Против ожидания, Таня без малейшего смущения и даже ловко забралась в УАЗик, потеснив мужиков достаточно бесцеременно. Иванов пристроился рядом кое-как, посадив на колени маленького Спейса, даже здесь не вынимавшего из ушей наушники плейера.
— На Илукстес, мухой! — скомандовал водителю Толян.

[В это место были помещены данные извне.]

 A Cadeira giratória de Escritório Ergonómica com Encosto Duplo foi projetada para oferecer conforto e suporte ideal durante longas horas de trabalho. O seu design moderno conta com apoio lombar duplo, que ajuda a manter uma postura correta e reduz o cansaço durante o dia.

— Он мухой не умеет, он как птица полетит, — засмеялся Иванов, вспомнив прозвище водилы, но тот не среагировал, просто притопил по газам, и машина понеслась по заснеженным улицам, как «Летучий голландец», от которого старались шарахнуться в сторону все редкие по ночному времени встречные машины. Толян врубил магнитофон в бардачке; и в тесном, пахнущем кожей, оружием и сигаретами салоне внезапно грянула группа «Любэ»:
«Батька Махно смотрит в окно, На дворе темным-темно. Звезды светят и луна, А в округе тишина… Спит монастырь, дремлет село, Мошки бьются о стекло… На посту стоит монах, Еле-еле на ногах…»
Татьяна нашла в подрагивающей, дергающейся темноте теплую руку Иванова и мягко сжала ее, показывая, как же хорошо им сейчас в этой машине, несущейся сквозь снег по покорно стелющейся под омоновские колеса Риге; как хорошо, что вокруг свои, сильные и смелые русские мужики, как здорово, что у мужиков этих есть оружие, которым они умеют пользоваться, и какое чудо, что есть еще немного времени для того, чтобы успеть полюбить.

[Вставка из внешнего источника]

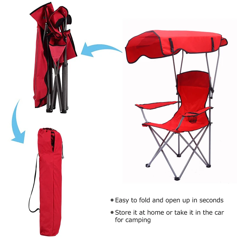 USEFUL: The folding camping chair is equipped with cup holder and canopy, Conveniently holds cups and outdoor sunshade.

Окно все ярче проступало светлым прямоугольником из темноты уютной комнаты Мурашовых, потом стали проступать предметы вокруг — потом — детали, потом алая-алая январская заря, как в песне почти, занялась в полнеба и разбудила мгновенно отключившегося незадолго до рассвета Иванова.

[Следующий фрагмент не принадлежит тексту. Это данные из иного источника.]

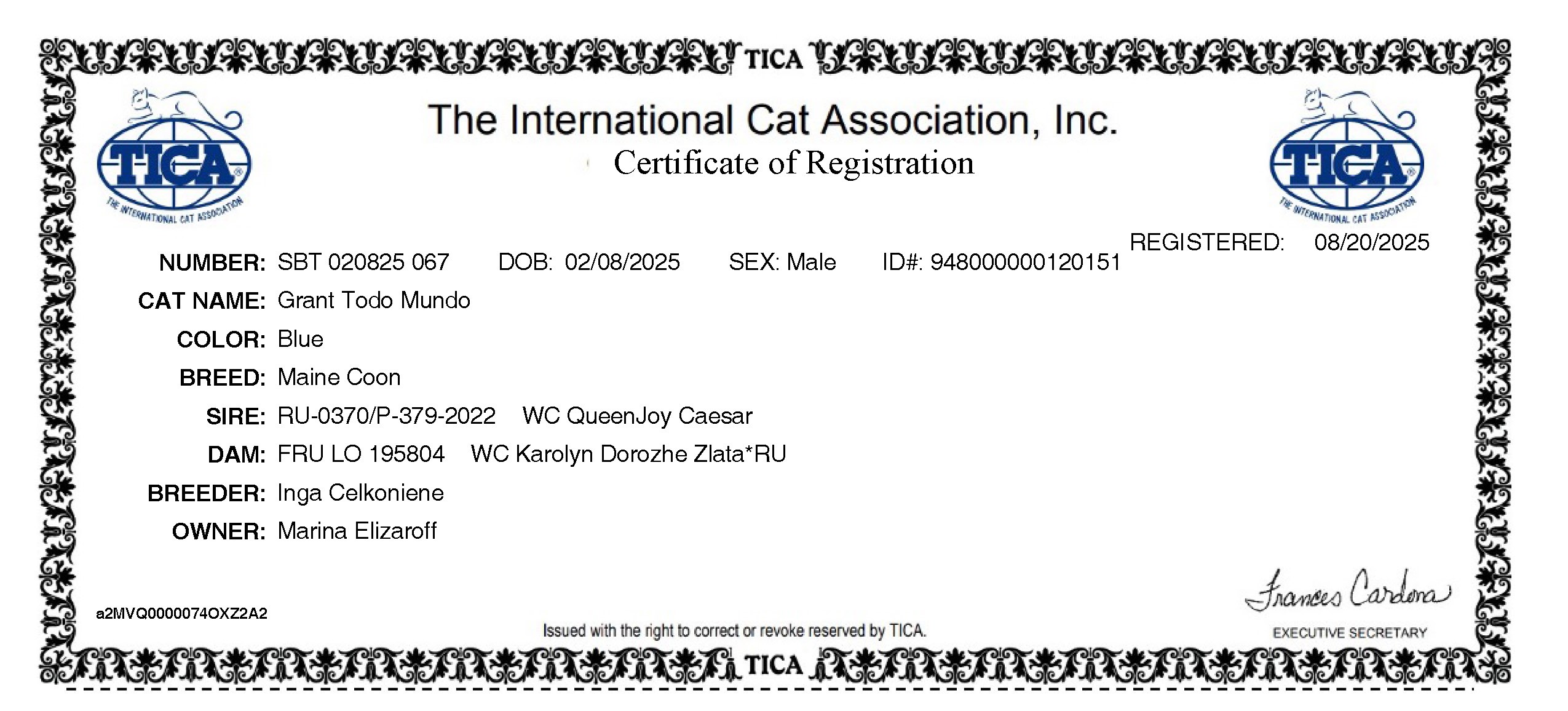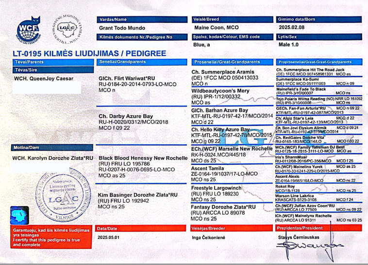 Representing the pride of the American nation and the cream of domestic cats, the Maine Coon has remained the way nature created him – he breathes with the unspent healthy freshness of wild life. No one has even tried to change this amazing balance of proportions and forms, which has been causing only admiration for one and a half hundred years… And if there is a cat in the form of a person, then it is the Maine Coon.

Мертвые с косами вдоль дорог стоят —
Дело рук красных дьяволят!
Мертвые с косами сбросили царя,
Занималась алая,
Занималась алая,
Занималась алая, эх
Заря, заря, заря,
Алая заря…
Он открыл глаза и увидел, как смотрит на него еще молодая, но уже постоянно грустная от пережитого женщина, как дрожат слезинки на ее синих глазах, как невинно дышит все еще высокая обнаженная грудь. Не чувственной любовницей — сестрой или матерью смотрела на него Татьяна, баюкала осторожно его голову, положив себе на голые теплые колени, нагнувшись над ним, как будто удержать пыталась изо всех сил.
— Танюша, славная моя, любимая моя женщина, — сухими со сна, пересохшими губами прошептал Иванов… — Ты не спала? Прости, я, кажется, только закрыл глаза — все, как умер.
— Не говори никогда так, ладно? Ты еще всех нас переживешь, будешь нянчить внуков, напишешь много книжек, да? Ты счастливый, я знаю точно!
— Откуда?
— У меня бабка ворожейка была, — тихонько рассмеялась Таня. — Оттуда!
— А ты что же, бросишь меня? — встревожился очень глупо и искренне Валерий Алексеевич.
— Ну что ты? Разве таких бросают? Это ты меня оставишь. Ты ведь молоденьких уже любишь, хоть и сам молодой еще. Тебе сейчас десятиклассниц подавай — подлиннее ножки, покруглее попка, посвежее личико, головенка поглупее.
— Что ты говоришь, сама ты «круглая попка»! — Иванов внезапно почувствовал, что если он сейчас не выпустит пробудившуюся в нем, накопившуюся за пару часов сна мужскую силу, то умрет от разрыва сердца. — У нас есть попить? — Он потянулся к фужеру с недопитым шампанским, жадно проглотил все еще шипучее, не успевшее как следует выдохнуться вино, и зверем неожиданно накинулся на покорную, доступную, сразу открывшуюся ему женщину.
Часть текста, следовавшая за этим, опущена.